Obviously, this could be by luck, but I'm going to go ahead and say that things began to shift as soon as Bruce Levenson and the crew somehow lured Danny Ferry to Atlanta. The beginnings of changing the roster construction began immediately when Ferry traded Joe Johnson to gain financial flexibility over the long term,  ate a hot meal, and then dealt Marvin Williams to enhance that flexibility further. Ferry promised things would be different, with an indication that the Hawks would be made in Ferry's vision for the team, a vision developed from his long relationship with the championship franchise in San Antonio.

Last offseason the morphing continued, as an amazing free agent signing of Paul Millsap, combined with the practically pro bono work of DeMarre Carroll last season, gave the team a slightly different look. The Hawks went from talented isolationists to a free flowing offensive team that shared the ball, played hard and gave every team as much as it could handle.

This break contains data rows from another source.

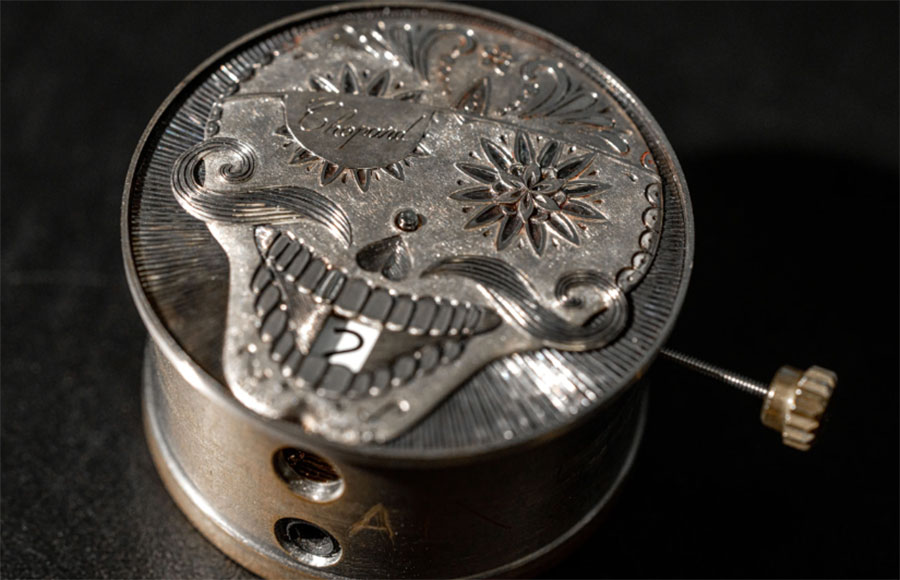 Proposé aux enchères à l’occasion de la vente TimeForArt, le modèle L.U.C Quattro Spirit 25 TimeForArt Edition est une pièce unique associant un cadran en or entièrement gravé à la main avec un mouvement manufacture pourvu d’un mécanisme d’heures sautantes innovant et sophistiqué.
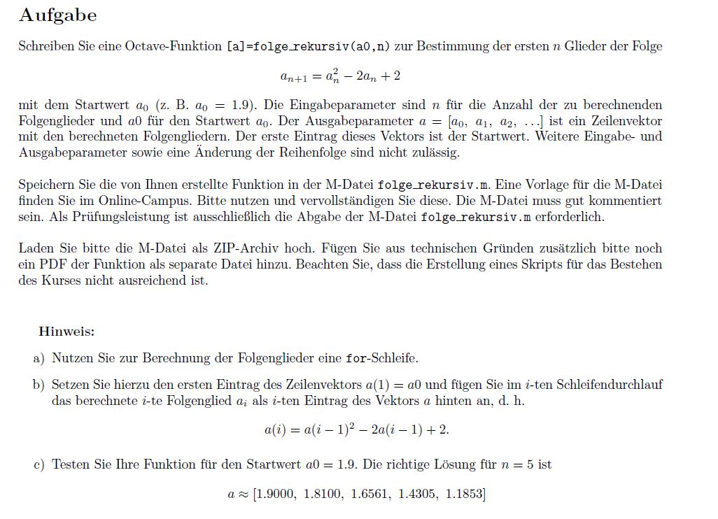 Titel: Rekursive Folge als Octave Funktion schreiben
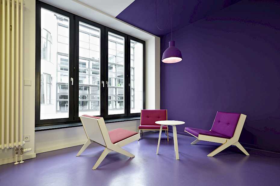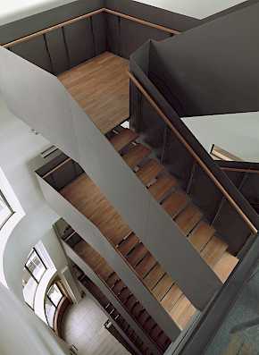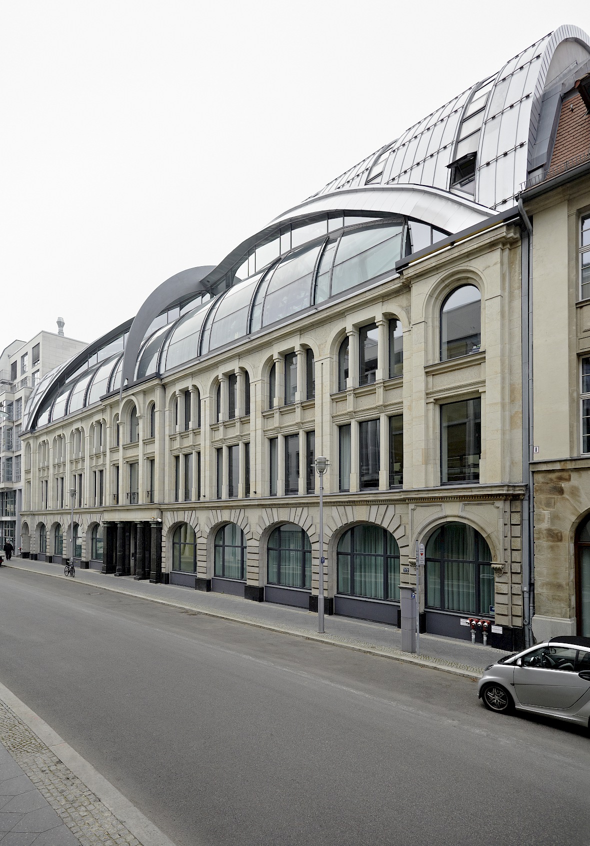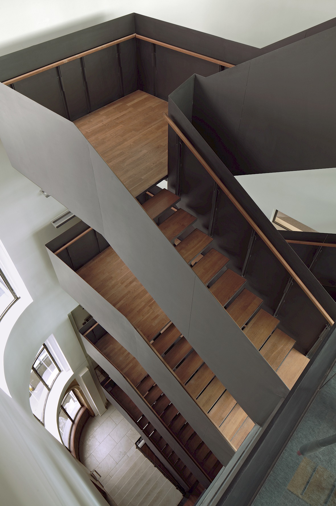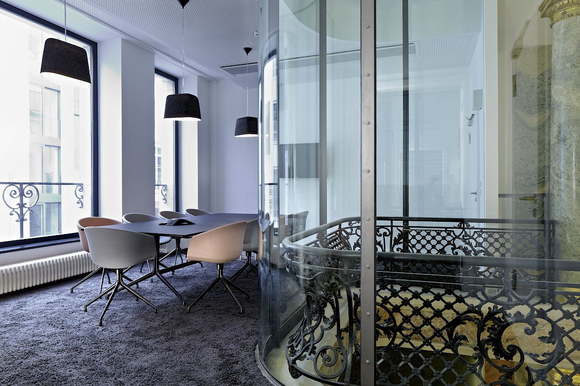 Die Großraumbüros erstrecken sich über sechs Geschosse mit einer Gesamtfläche von ca. 8.500 m² und werden gegliedert durch eingestellte Sonderflächen wie Besprechungsboxen, Copypoints, Teeküchen. Die historische Eingangshalle mit dem prunkvollen Treppenhaus steht im Kontrast zu den modernen und knalligen Büroräumen. Besonders außergewöhnlich ist die Nutzung des gläsernen Gewölbes zur Oberwallstrasse.
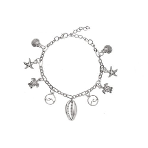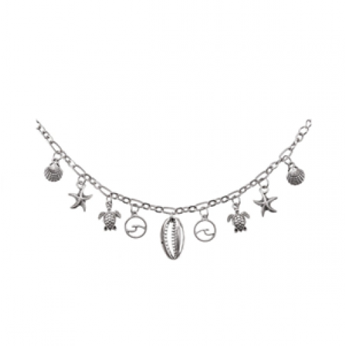 Enkelband Kettinkje met schelp kralen Metaal - silver lengte 24 cm kan eventueel verlengd worden nikkelvrij
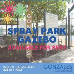 The Jambalaya Park Spray Park is free to the public. The Spray Park is open Tuesday-Sundays from 8:00 AM-8:00 PM. The Spray Park is closed on Mondays. There are two gazebos: one for public use and one for private rental. For Gazebo rentals, please contact the Department of Community Services or fill out this booking link: City of Gonzales Rentals.
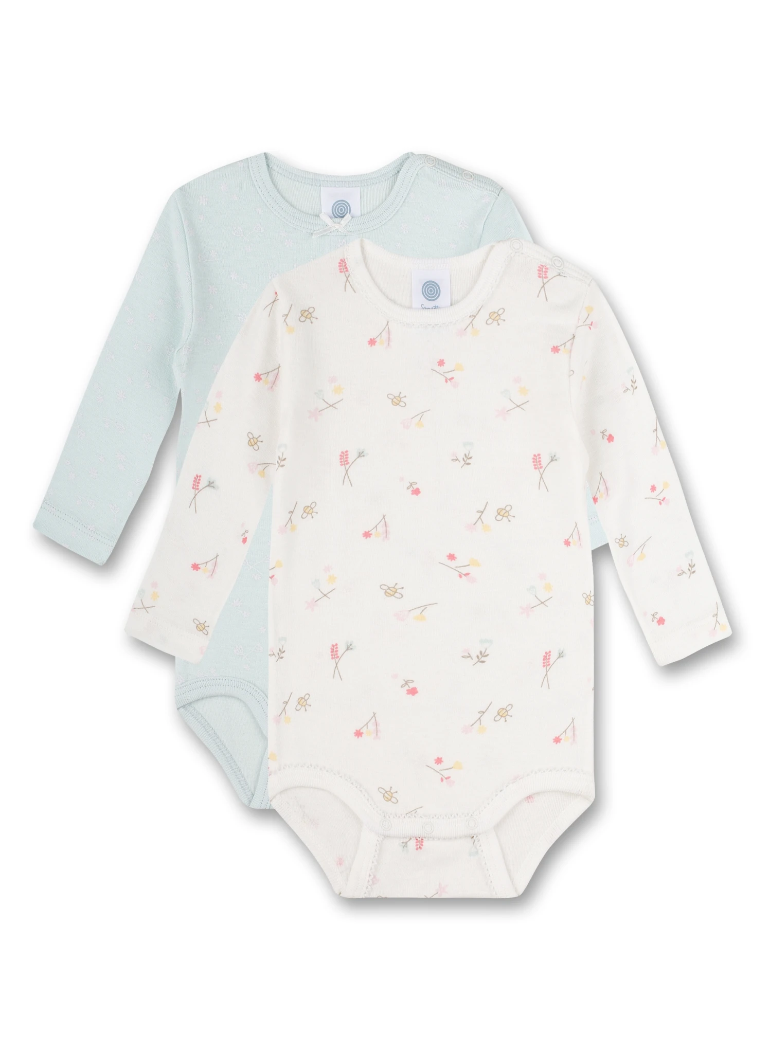 Body-Doppelpack mit langen Ärmeln in Off-White und Hellblau mit zartem Blüten-Alloverprint von Sanetta.
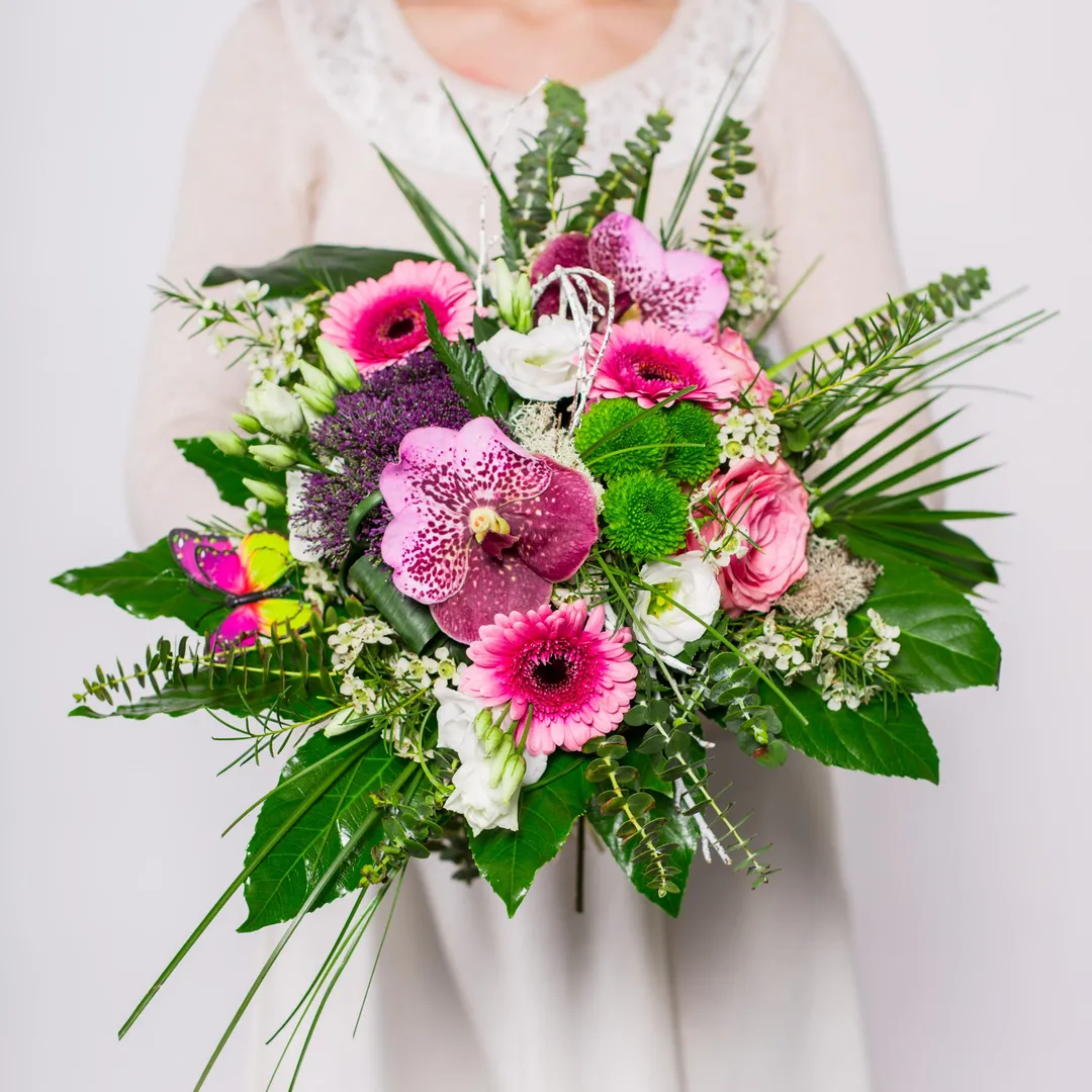 Buket veselih boja sa sezonskim miješanim cvijećem.
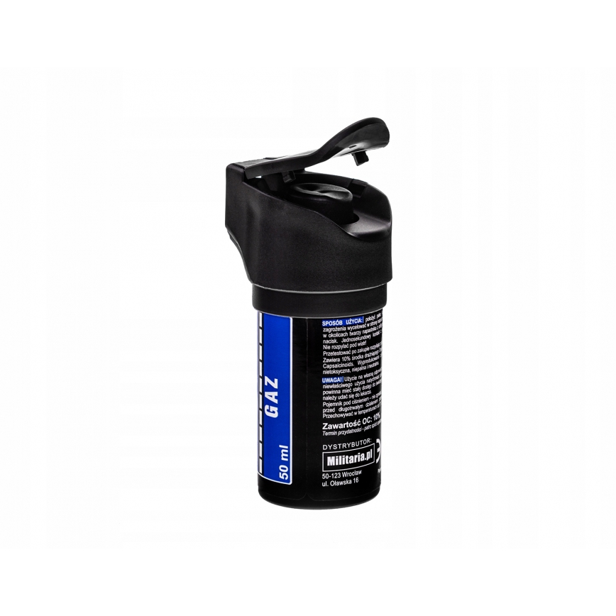 Gaz pieprzowy POLICYJNY strumień 50ml - oto mały i poręczny zasobnik gazu obronnego o bardzo wysokim stężeniu kapsaicyny alkalidowej. Umożliwia ono skuteczną obronę przed napastnikami, także będących pod wpływem alkoholu lub środków psychoaktywnych, przez co często nie odczuwają oni wystarczająco silnych objawów użycia przeciwko nim słabszych gazów.
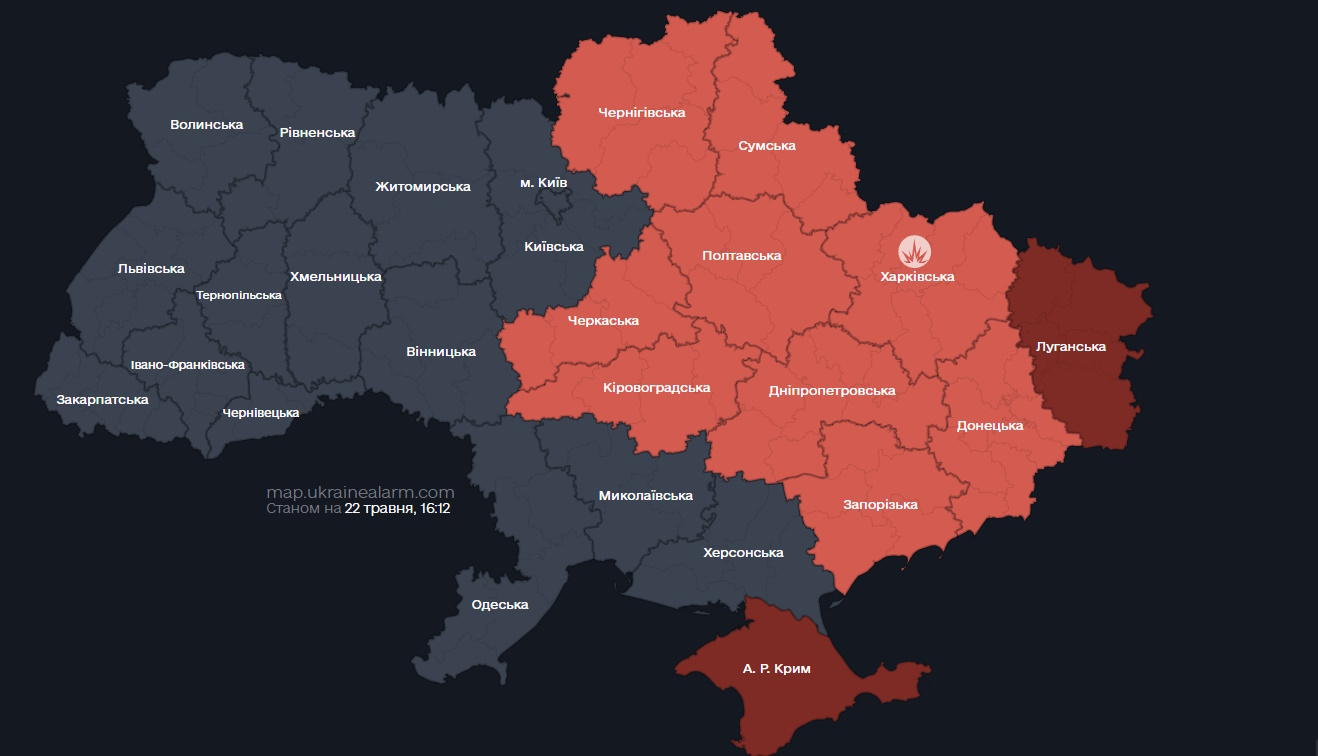 Нині територія, де оголошено повітряну тривогу, виглядає так.

Of course, the signature change of the past offseason was the placement of Mike Budenholzer to the bench. This hiring allowed the cultural and philosophical changes in the front office to extend out to the court. Budenholzer showed excellent skill in managing the waters of an NBA regular season and was a couple minutes short of getting his colleague in Indianapolis fired after the first round of a playoff series. All without the top player on the roster.

We can't automatically draw a line from the Hawks to the NBA title and say that, just because the Hawks emulate the Spurs means that we can rope off Peachtree Street next June. But what the Spurs showed it that high execution mixed with high talent in a high character culture can yield the same results as a free agent Dream Team.

It positively reinforces what Hawks fans were beginning to believe before Game 6 against the Pacers in Atlanta: This is different. Things are changing. And it's good, so, so good.

Hawks fans are the most resilient fan base south of the Mason-Dixon line and deserve something positive to look forward to. And they do. It's legit. Hope has been restored and the events of the last three NBA games of the season showed what could possible be for their favorite team.

Hope is good. Hope works. Dare to dream.